Fig. 1. Moyenne des productions annuelles de cacao par exploitation dans deux villages de la boucle du cacao de Soubré, entre 2013 et 2023. Sources : Enquêtes SADRCI.

Une comparaison de la production de ces deux villages (exprimée en kgs) avec la production nationale (en milliers de tonnes) donne la clef du mécanisme, caractéristique des cycles du cacao (Fig. 2). Les deux courbes évoluent de façon opposée car l’érosion de la production dans les « boucles du cacao », appelées à vieillir, est compensée par de nouveaux fronts pionniers.

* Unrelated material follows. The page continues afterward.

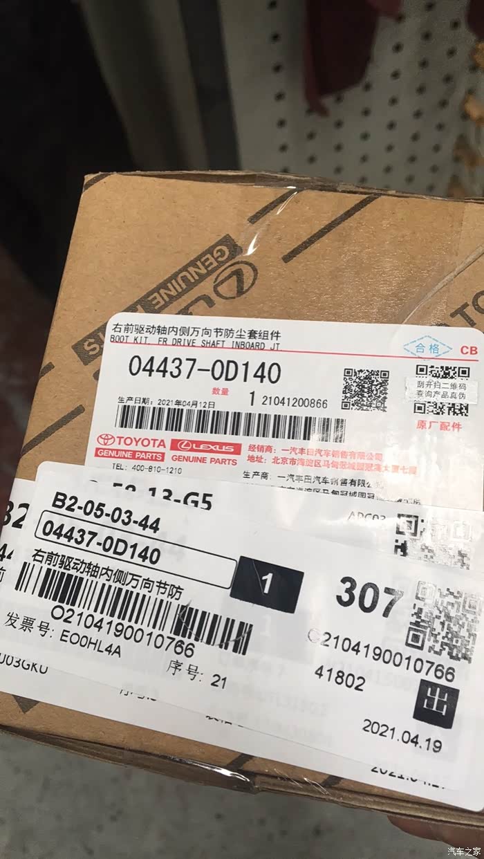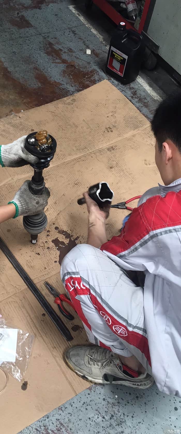 3月15号左右,发现前轮左半轴防尘套渗油,后避震渗油,质保期内,免费保修,等配件等了一个月左右,今天到货
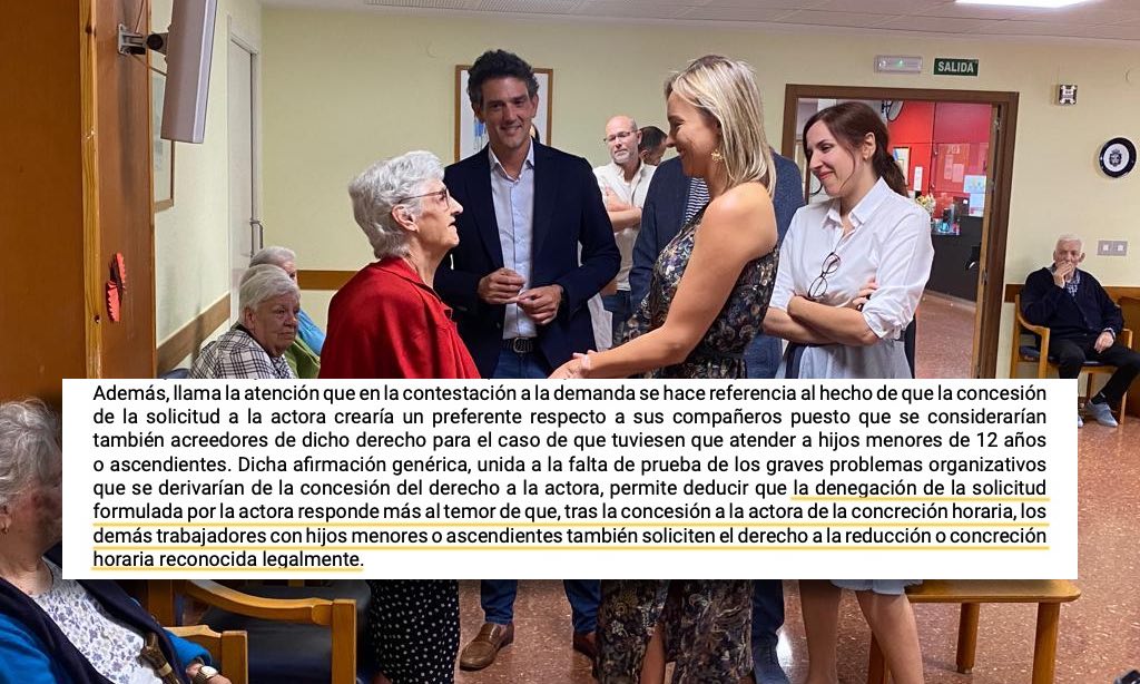 Pero onde pon o foco a sentenza é nos motivos da denegación. Segundo di a xuíza, "chama a atención que na contestación á demanda se fai referencia ao feito de que a concesión da solicitude crearía un preferente [sic] respecto aos seus compañeiros posto que se considerarían tamén acredores de dito dereito para o caso de que tivesen que atender a fillos menores de 12 anos ou ascendentes". Para a maxistrada "dita afirmación xenérica, unida á falta de proba dos graves problemas organizativos que se derivarían da concesión do dereito [á traballadora], permite deducir que a denegación da solicitude formulada responde máis ao temor de que, tras a concesión da concreción horaria, os demais traballadores con fillos menores ou ascendentes tamén soliciten o dereito á redución ou concreción horaria recoñecida legalmente".

Fig. 2. Moyennes de production d’exploitations de Soubré et production nationale de cacao entre 2013 et 2023.

Pendant plusieurs années, ce processus – le déplacement des boucles du cacao – reste invisible, sauf bien sûr aux acteurs de la filière, puisqu’il est interne au pays et n’apparaît pas dans les statistiques nationales. Par ailleurs, les acheteurs et les coopératives compensent le manque de cacao dans leur zone officielle de collecte avec des réseaux de pisteurs et de camions venant des nouvelles boucles du cacao, comme Blolequin, Man, voire Touba et des quelques dernières forêts dites « classées » (voir plus loin). Les sacs de cacao sont rapidement transbordés d’un camion à l’autre, de préférence la nuit. La « traçabilité » du cacao est encore un mythe. Néanmoins, depuis un à deux ans, la chute de la boucle du cacao de Soubré devient de plus en plus évidente.

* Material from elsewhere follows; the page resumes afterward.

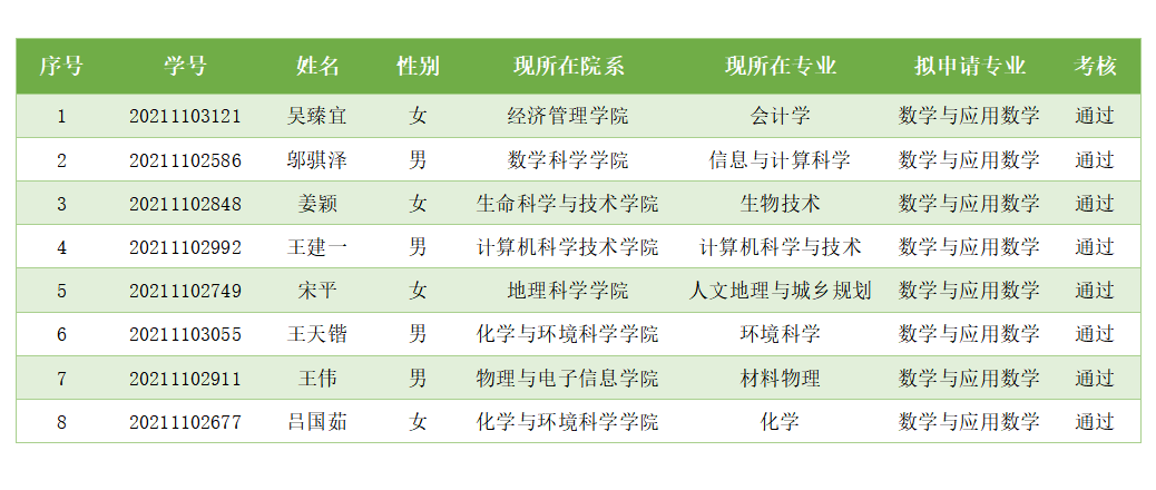 日,开元(中国)通过考试、考核,确定拟接收转专业学生名单如下

Pour compléter la démonstration, idéalement, il faudrait disposer du même profil de production pour les fronts pionniers des années 2000 à 2010. Nous n’avons pas ces données, mais les cartes officielles de la déforestation en Côte d’Ivoire, magnifiquement établies par le BNETD (Bureau National d’Etudes Techniques et de Développement), montrent les centaines de milliers d’hectares de forêts classées qui ont été brûlés entre 2000 et 2015 (en rouge sur la carte, Fig. 3), et qui ont produit des centaines de milliers de tonnes de cacao entre 2010 et 2020. En partie sous l’effet de la quasi guerre civile des années 2000, mais aussi plus largement par des politiques forestières ambigües de longue date, ces forêts dites classées, deviennent, les unes après les autres, les nouvelles boucles du cacao de Côte d’Ivoire.